Als die Foals 2008 ihr Debütalbum "Antidotes" veröffentlichten, begeisterte ihre durchdachte Post- und Mathrock-Mischung mit einem dezent-kunststudentischen Ansatz. Frontmann und Sänger Yannis Philippakis, Gitarrist Jimmy Smith, Schlagzeuger Jack Bevan, Keyboarder Edwin Congreave und Bassist Walter Gervers überließen dabei nichts dem Zufall - und es wurde viel darüber gerätselt, wie kalkulierter Perfektionismus doch so verspielt, lässig und emotional klingen könne.
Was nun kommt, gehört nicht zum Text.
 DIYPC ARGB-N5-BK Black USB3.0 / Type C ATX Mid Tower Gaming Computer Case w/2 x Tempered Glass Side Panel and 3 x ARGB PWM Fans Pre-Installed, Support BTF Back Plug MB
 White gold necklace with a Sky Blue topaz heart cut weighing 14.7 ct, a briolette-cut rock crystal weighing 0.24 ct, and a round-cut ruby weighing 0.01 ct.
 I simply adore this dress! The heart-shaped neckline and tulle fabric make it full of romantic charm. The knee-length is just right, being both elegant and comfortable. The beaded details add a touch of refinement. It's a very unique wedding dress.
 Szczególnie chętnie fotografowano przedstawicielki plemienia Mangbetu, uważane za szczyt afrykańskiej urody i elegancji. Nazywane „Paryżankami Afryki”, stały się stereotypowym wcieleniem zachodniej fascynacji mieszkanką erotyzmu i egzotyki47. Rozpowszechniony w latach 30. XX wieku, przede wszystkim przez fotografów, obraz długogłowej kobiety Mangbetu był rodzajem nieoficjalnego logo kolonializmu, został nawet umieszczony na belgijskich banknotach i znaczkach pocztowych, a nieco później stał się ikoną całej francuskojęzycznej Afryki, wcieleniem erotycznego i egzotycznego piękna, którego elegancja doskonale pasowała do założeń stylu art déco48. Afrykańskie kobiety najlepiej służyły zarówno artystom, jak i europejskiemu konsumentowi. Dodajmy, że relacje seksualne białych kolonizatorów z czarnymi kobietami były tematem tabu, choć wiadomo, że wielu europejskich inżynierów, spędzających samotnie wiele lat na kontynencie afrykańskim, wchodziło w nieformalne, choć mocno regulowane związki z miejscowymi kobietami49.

Sieben Jahre später sind aus den Fohlen Wildpferde geworden, und die Band schickt sich an, die Entwicklung von einer aufstrebenden Indierock-Kapelle zu einer Band von Stadionrock-Format abzuschließen. Der überwiegende Teil ihres vierten Albums lässt nicht den geringsten Zweifel am Vorhaben, mit großen Gesten und griffigen Melodien noch stärker in Richtung Pathos-Rock zu schielen. Das ist Musik vom Reißbrett und die Blaupausen dafür liefern Franz Ferdinand, die Editors, die Black Keys, Talking Heads, und ja, auch U2. "What Went Down" wurde in einem Gutshaus in der französischen Provence aufgenommen und Produzent James Ford hat dem Fünfer aus Oxford einen musikalischen Maßanzug zwischen eingängigen Hooks, knackigen Riffs, monotonen Bassläufen, dröhnenden Gitarren und einem wuchtigen Drumsound geschneidert.
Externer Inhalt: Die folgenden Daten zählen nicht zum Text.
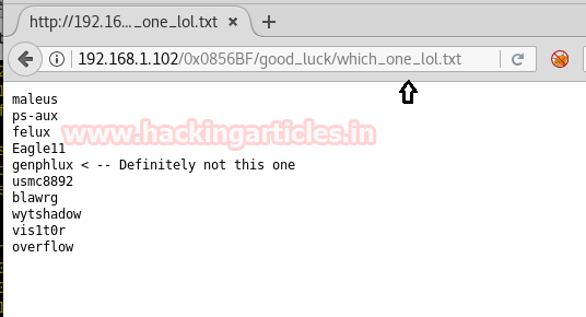 I opened both sub-directories and /good-luck looks interesting to me as it called a lol.txt file which contains a wordlist and might be this could be useful in conducting the brute force attack against ssh login. Also, the folder /this_folder_contains_the_password gave hint “Pass.txt” could be a possible password.
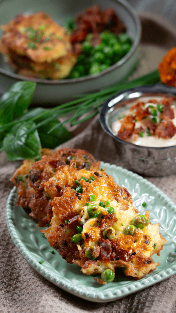 Mõnusad krõbedad koogid, mida sobib hästi serveerida nii hommiku- kui õhtusöögiks. Magusa maitsenüansi annavad roale rohelised herned ja kergelt soolaka varjundi krõbedaks praetud toorsuitsusink.
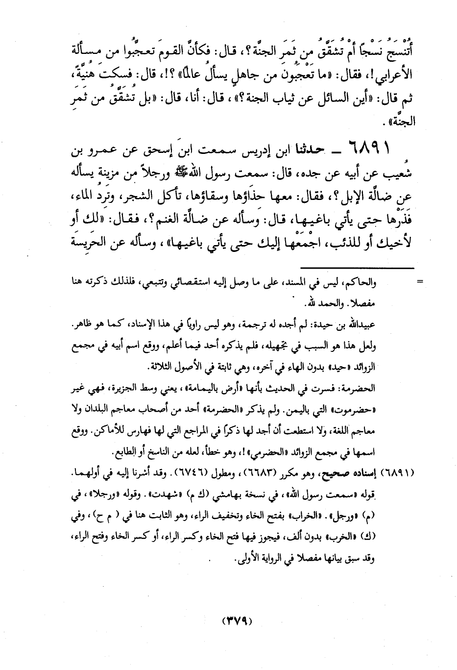6891 - حدثنا ابن إدريس سمعت ابنَ إسحق عن عمرو بن شُعيب عن أبيه عن جده، قال: سمعت رسول الله -صلي الله عليه وسلم - ورجلاً بن مزينة يسأله عنِ ضالَّة الإبل؟، فقال: معها حِذَاؤها وسقاؤها، تأكل الشجر، وتَرِدُ الماء، فَذرْها حتى يأتي باغيها، قال: وسأله عن ضالَّة الغنم؟، فقال: "لك أِو لأخيك أو للذئب، اجْمَعْها إليك حتى يأتي باغيها"، وسأله عن الحَرِيسة
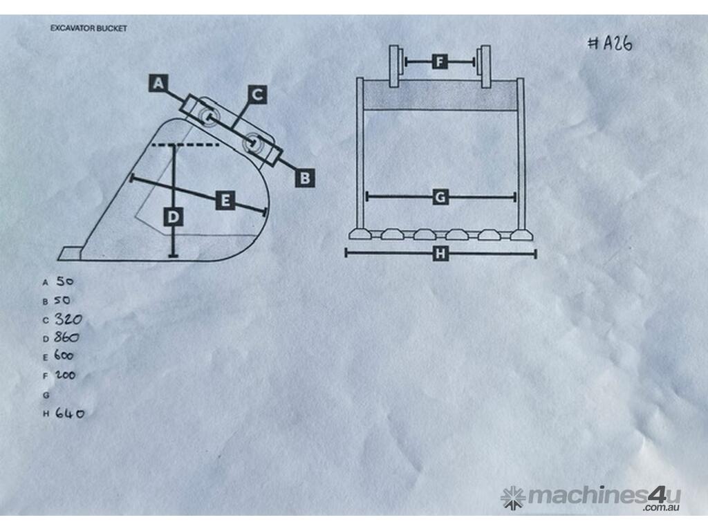 Trench Bucket 640mm 50mm pin :      $1,000 AUD($1,100 Inc. GST)
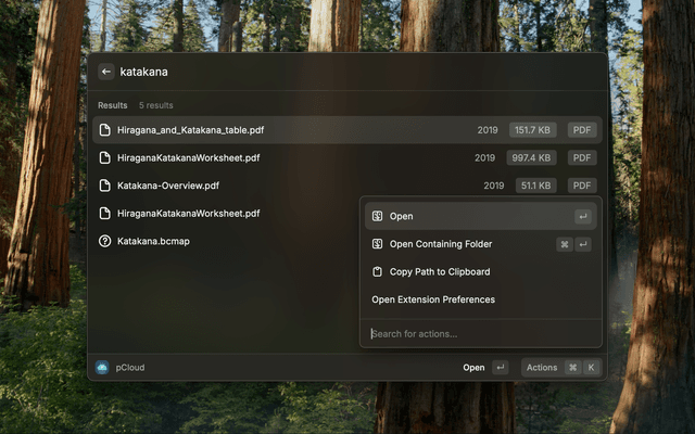 This extension allows you to interact with your pCloud files. Search them through the pCloud APIs, open them directly in Finder using your pCloud Drive.
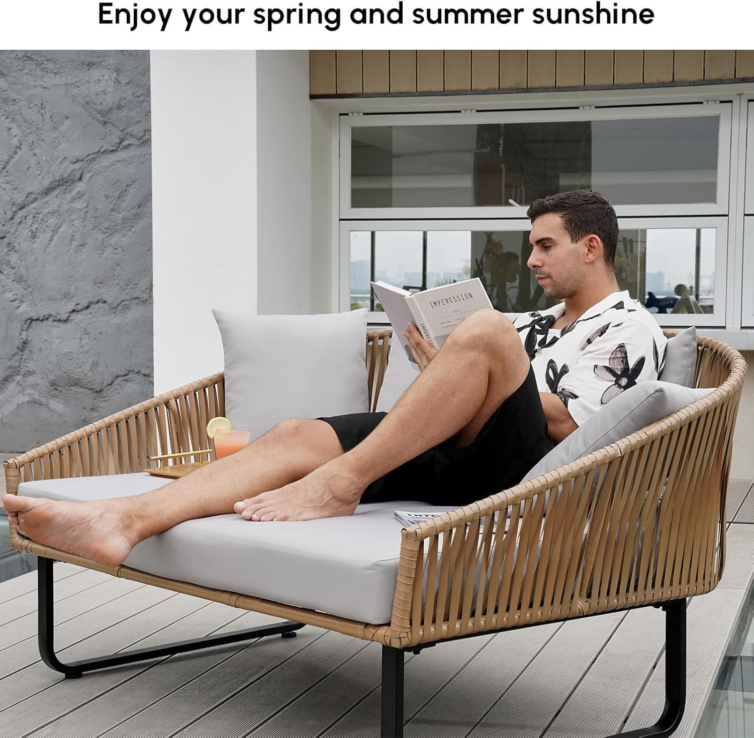 homary Rattan Patio Outdoor Daybed, Rattan Day Bed with Cushion Pillow & Aluminum Frame Sunbed Sofa Set Patio Loveseat,Gray
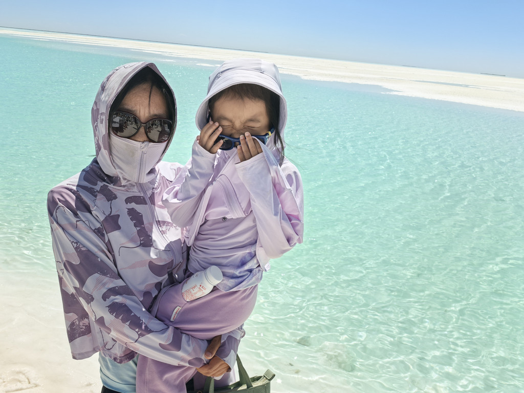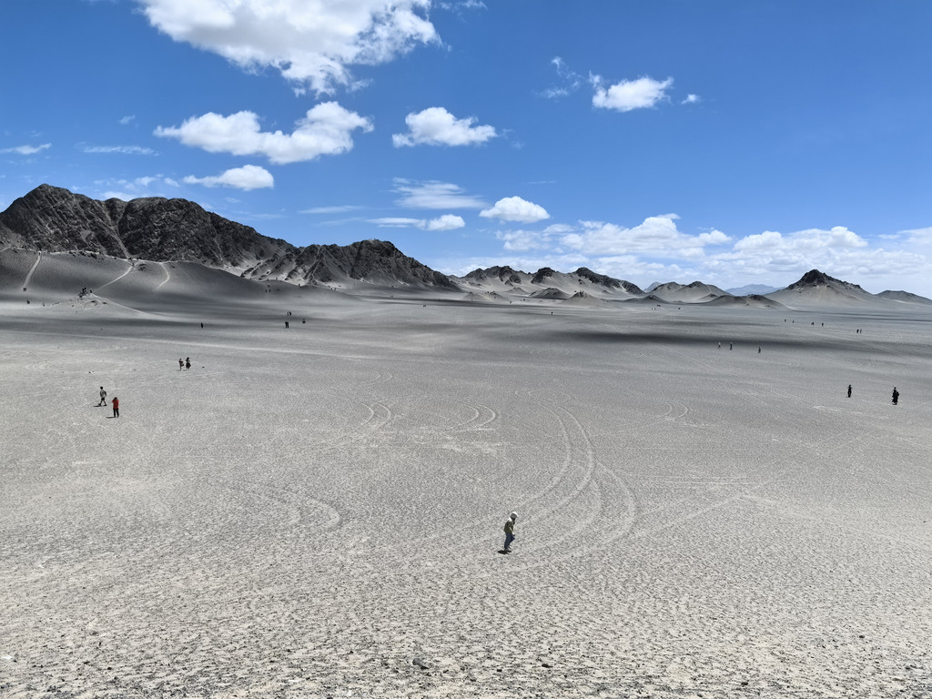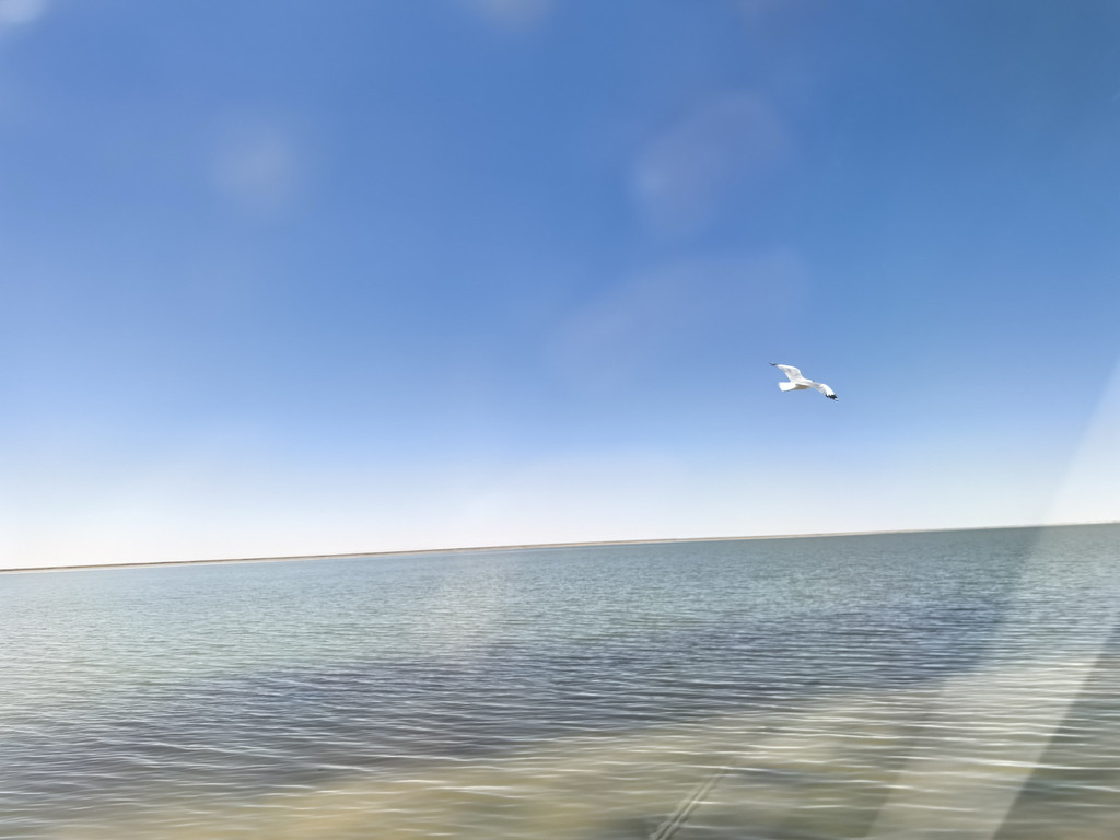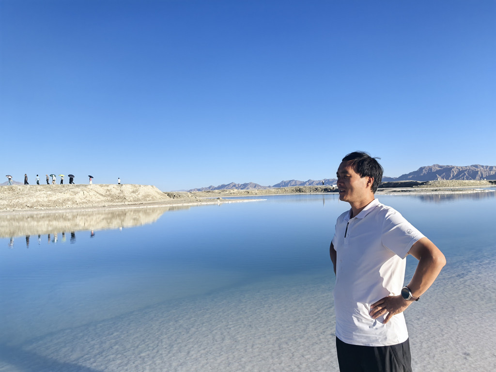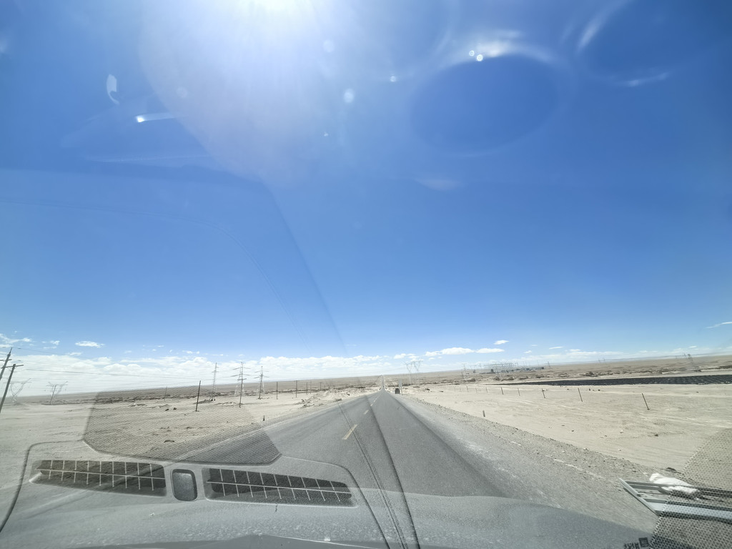 昨天,今天,明天的路程,虽然有几个景点,但整体上是一望无际的荒漠或者雅丹地貌,荒无人烟,吃喝用品可以备车上,但上厕所是个问题:路窄,不能路边停车;荒漠,不敢轻易下路;每百十公里有临停点,有旱厕,奇臭无比且人多须排队!我们总结出一个好方法:见有拐下去的小路(多为去厂矿区的)或明显汽车轧实的硬地,驶下去,用车挡着,“野”一下,女士也只好这样了。有一次,我们“野”完,我想着在车外活动舒展一下,又驶下一台车,但里面的人却迟迟不下来,我赶紧上车,给老婆说:“咱们赶紧走吧,否则他们不好意思下来方便!”。当右侧的小柴旦湖映入眼帘后,西台吉乃尔湖也就不远了,两边湖水充盈,景色很美,还有飞鸟,只是路就一下子变成了土路,坑洼不平还湿滑,不过都开得很慢,便于看风景,路变宽了,也可以靠边停下看一会儿。其实今天从拐上315国道这一路都是雅丹地貌,水上雅丹中是那一点湖水淹了一部分,拐下去百十米就是景区门口,我们没有过去,就在路边空地停车,找了个高处看了看,因为湖水退去的原因,现在很小一片,买票进去也只是近距离看一下。再沿国道前行二三十公里就到了东台乃吉尔湖,现在不是景区,也是一个矿区,但打卡的人特别多,由于车多,硬生生轧实了很大一片地儿,需要步行约600米到湖边,有大片的白色盐滩,浅蓝,浅绿色的湖水,映衬着透亮透亮的蓝天白云,很漂亮,也非常出片儿!

Dazu tobt sich der ein wenig der Hysterie zugetane Sänger aus, dass es eine Freude ist. Die Leidenschaften zerren an ihm, doch mit aller Kraft singt er gegen sie an. Während Philippakis also für die großen Gesten zuständig ist, hat der Produzent den Rest mit wohlkalkuliertem Kalkül im Griff.
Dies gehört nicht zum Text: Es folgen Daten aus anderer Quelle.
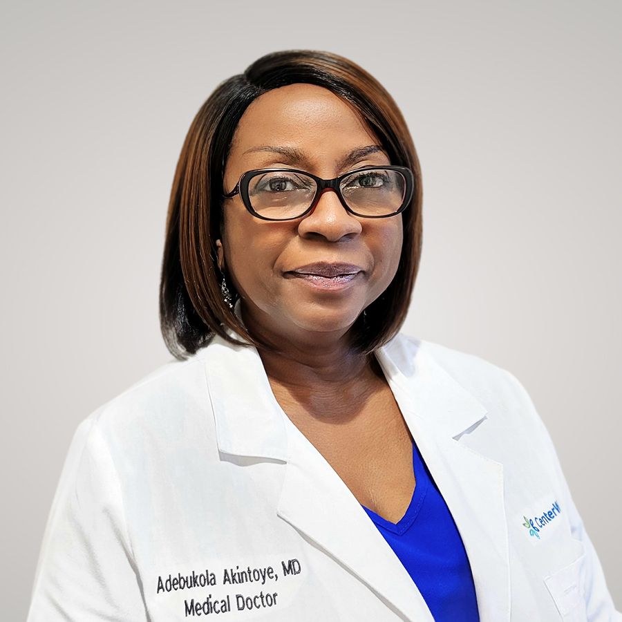 Dr. Adebukola O. Akintoye, M.D., joined CenterWell as a board eligible internal medicine specialist. She has worked as a healthcare professional since 1985. A graduate of the University of Lagos College of Medicine, she completed an Internal Medicine Residency at the State University of New York Medical-Dental Consortium. She has obtained a Distinction in Clinical Psychology, a nomination for Distinction in Microbiology, and was awarded the Winthrop Scholarship for a Deserving Female Student. Before joining CenterWell in 2023, Dr. Akintoye was a contract physician with Locum Tenens companies in outpatient medicine, primary care, urgent care, and occupational medicine since 2008. She practiced as a Contract Physician at Medlink, a federally qualified health center that cares for low-income, uninsured, and underinsured patients. Dr. Akintoye chose healthcare because it provides innumerable opportunities and the immense privilege to help better the lives of people of all ages. In her free time, she enjoys serving at her Church, spending time with family, and traveling.
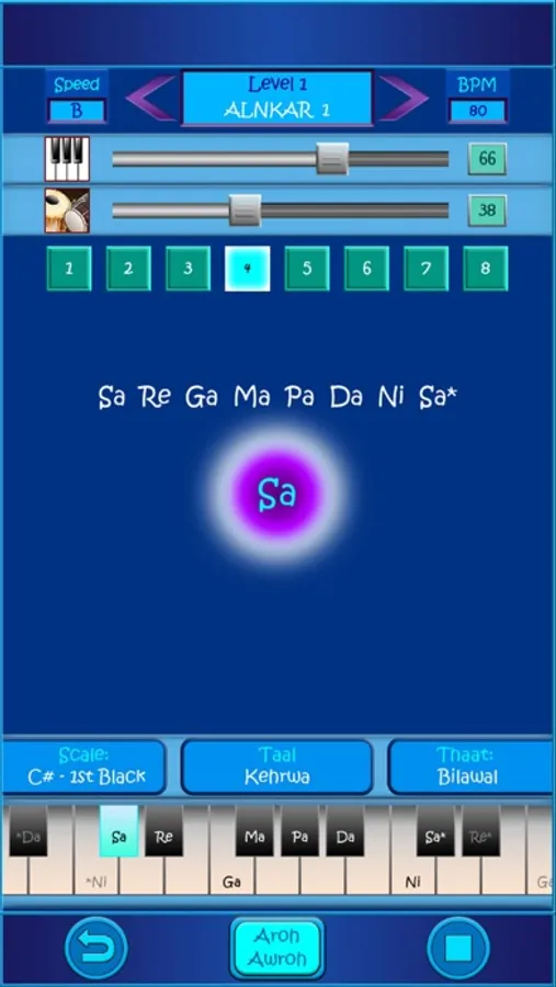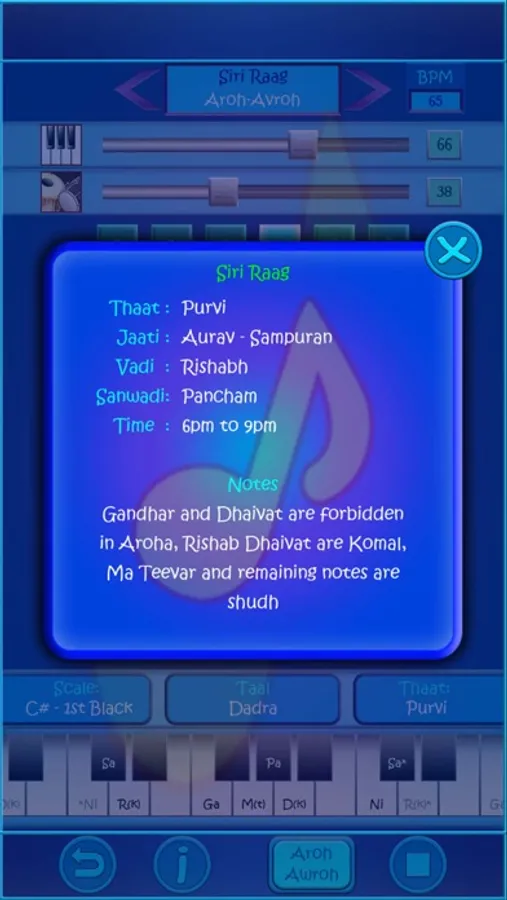 This is a music practice app. You can practice and improve your voice quality specially singing. There different patterns of music notes to sing with. these patterns are known as 'ALNKARS' in Indian classical music.There is a section called EAR TRAINING where you can train your listening to the music notes and patterns.You can practice with different Taalas (Rhythms) Like: Kehrwa ( 8 Beat ), Dadra (6 Beats), Roopak ( 7 Beats ), Deepchandi (14 Beats), Jhapp (10 Beats ) and Teentaal (16 Beats ) etc. At present we have 4 Alankaars and One Taal (Kewra ) to practice, But Soon we will add More ALANKAARS, More Taals and Raaga based patterns.

Alles an diesem Album klingt ausgeklügelt. Aber das Resultat lässt sich hören und beweist, dass der Zweck in diesem Fall die Mittel heiligt. "What Went Down" überzeugt mit Songs mit fiebrigem Drive und infektiösen Melodien und unterstreicht die virtuose Vielseitigkeit der Foals. Und wer Songs wie etwa "Snake Oil", "Birch Tree" oder "Night Swimmers" öfter gehört hat, wird dem "Ausverkauf!"-Ruf mancher Kritiker nur mehr wenig abgewinnen.